> _Your objective_
Go through the listing below and write out exactly the lines from the one that mentions "n el corazón" through the one that mentions "Hydrographs of bores", minus the pictures.

Available data section start

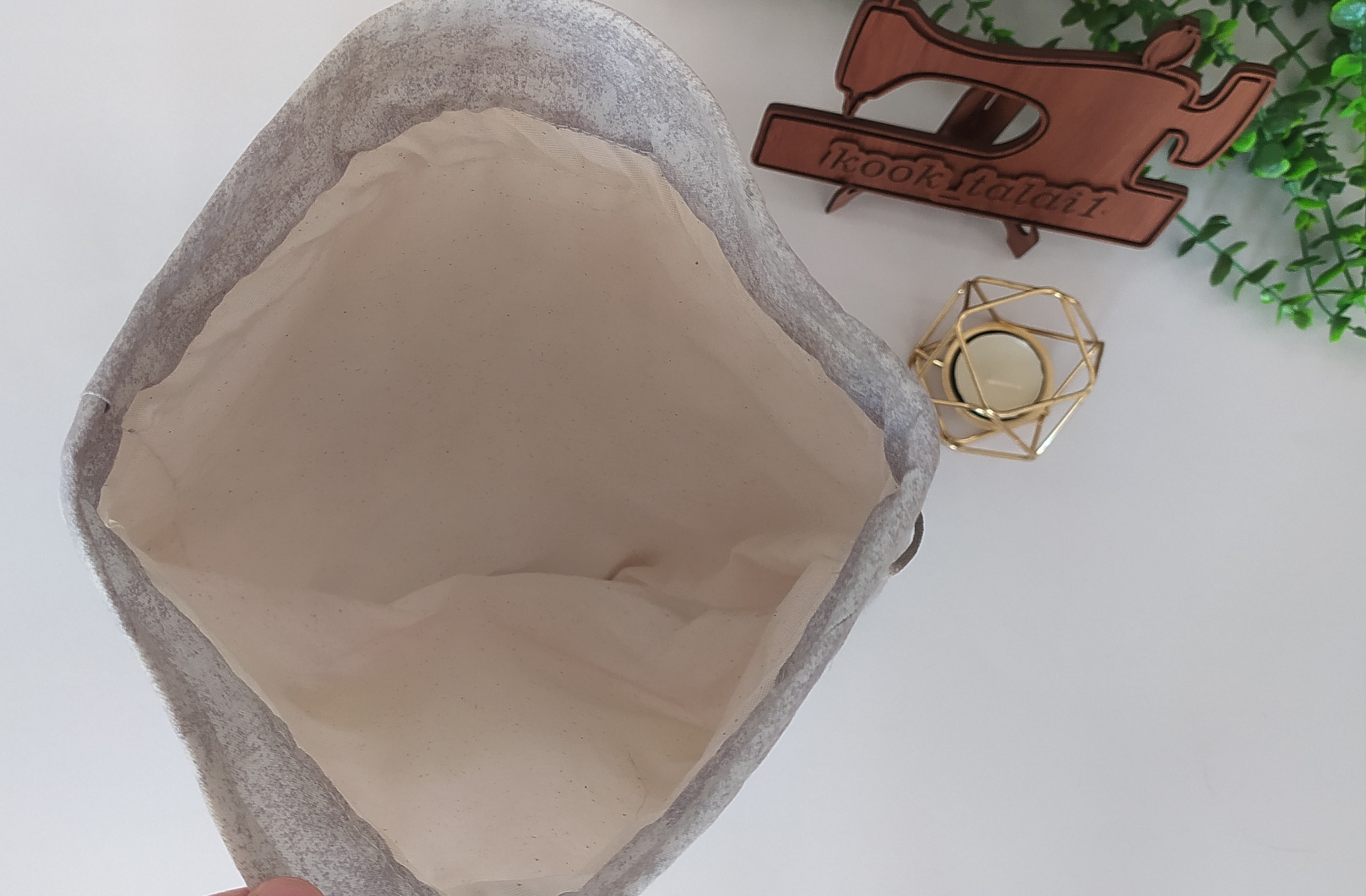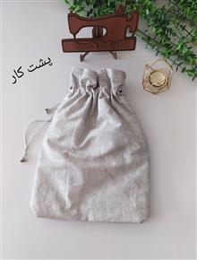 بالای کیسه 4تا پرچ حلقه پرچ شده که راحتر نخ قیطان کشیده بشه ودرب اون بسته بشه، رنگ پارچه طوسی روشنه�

Available data section end
Available data section start

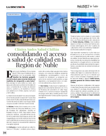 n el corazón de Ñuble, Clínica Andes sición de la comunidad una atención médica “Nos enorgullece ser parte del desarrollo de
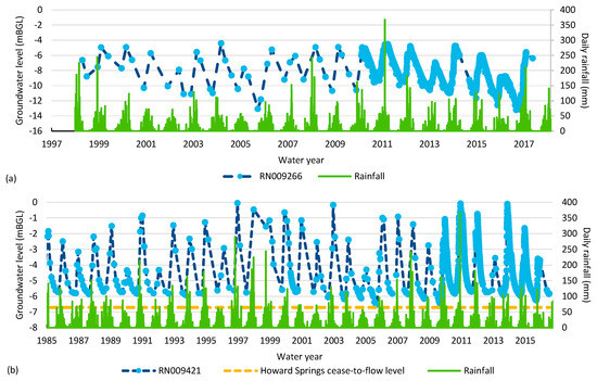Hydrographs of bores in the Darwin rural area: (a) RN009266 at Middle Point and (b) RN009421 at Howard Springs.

Available data section end

> _Exercise result_
 n el corazón de Ñuble, Clínica Andes sición de la comunidad una atención médica “Nos enorgullece ser parte del desarrollo de
Hydrographs of bores in the Darwin rural area: (a) RN009266 at Middle Point and (b) RN009421 at Howard Springs.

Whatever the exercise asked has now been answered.